I had a hard time really telling if it was cooked all the way or not, and I’m not really sure what the texture is “supposed” to be like anyway so that part was slightly challenging but not because of the recipe haha. I also baked it in a slightly larger tray so I wasn’t sure of the timing. I baked it in a stoneware tray and it worked perfectly. It did not need to be buttered or floured and the edges got nice and golden. I used fine white cornmeal (usually used for making arepas) because it was what I had on hand.
Even my mom who normally doesn’t like cornbread tried mine because she is someone who will do that just to be polite actually really liked it and had a second piece (we cut them quite small). I served this with chili. This recipe was so easy and delicious!! When I was looking for a recipe for cornbread and came across this one, I had to try it because I knew Sally wouldn’t steer me wrong! A winner as always!
How many people dose this feed
Hi Colin, this yields 9 servings, but feel free to cut the pieces larger/smaller.
I would like to try this with leaving out the honey and using cream cheese for a creamier texture. Do you think it would work?
Hi Stephanie, we haven’t tested the recipe that way, so are unsure of the results.

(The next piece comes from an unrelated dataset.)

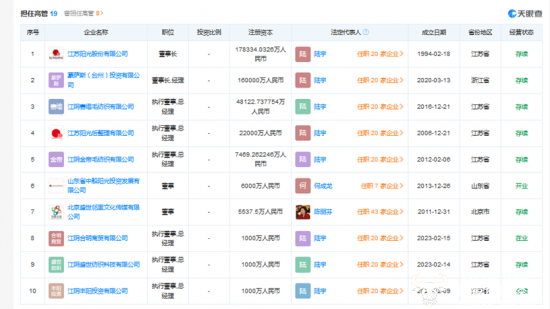 据天眼查资料显示,陆宇是江苏阳光创始人陆克平的儿子,出生于1975年,今年48岁。

If you try it, let us know!
I made the muffin version. I omitted the honey and added 4 oz of cream cheese. They have a real creamy texture and flavor. I think they taste wonderful!
I made this cornbread recipe and it was too sweet for me. Of course, that’s just me. Different tastes for different people. I love the opportunity to try new recipes and Sally’s Baking Addiction is my go to site for recipes of all kinds. Thank you.
Too sweet for me too
I will not put the sugar and honey next time Appart from this very good
Hi can I use an 8in square pan? I know the bake time will be a little longer.
Hi Kelly, that will work! Correct, bake time will be a bit longer.
The tin size seems wrong. The mixture makes a volume that comes up about 1cm in depth and has no sufficient rise in-bake (with such little baking soda). Disappointing
Are you sure to use both baking powder and baking soda? It’s a considerable amount for so little flour. (Plus cornmeal.) The bake pan size is correct, and I find it rises quite nicely. I wonder if an ingredient was accidentally skipped?
Hi Ariana, you can double this recipe for a 9×13 inch pan. We’re unsure of the exact bake time, but use a toothpick to check for doneness.
Love! BUT I am very very allergic to flour so I used Bob’s Red Mill gluten free corn bread mix and the all of your wet ingredients and your time and temperature and it’s perfect!!! My kids even love it!! Thank you!! Thank you!! I love your recipes!
This is a huge favourite in our house with vegetarian chilli. I cook it for all my husbands mountain biking boys. Big pot of chilli, served with avocado and sour cream, and sally’s corn bread. We are in New Zealand, so not a common thing here, they all love it, I have to make two batches to ensure there is enough.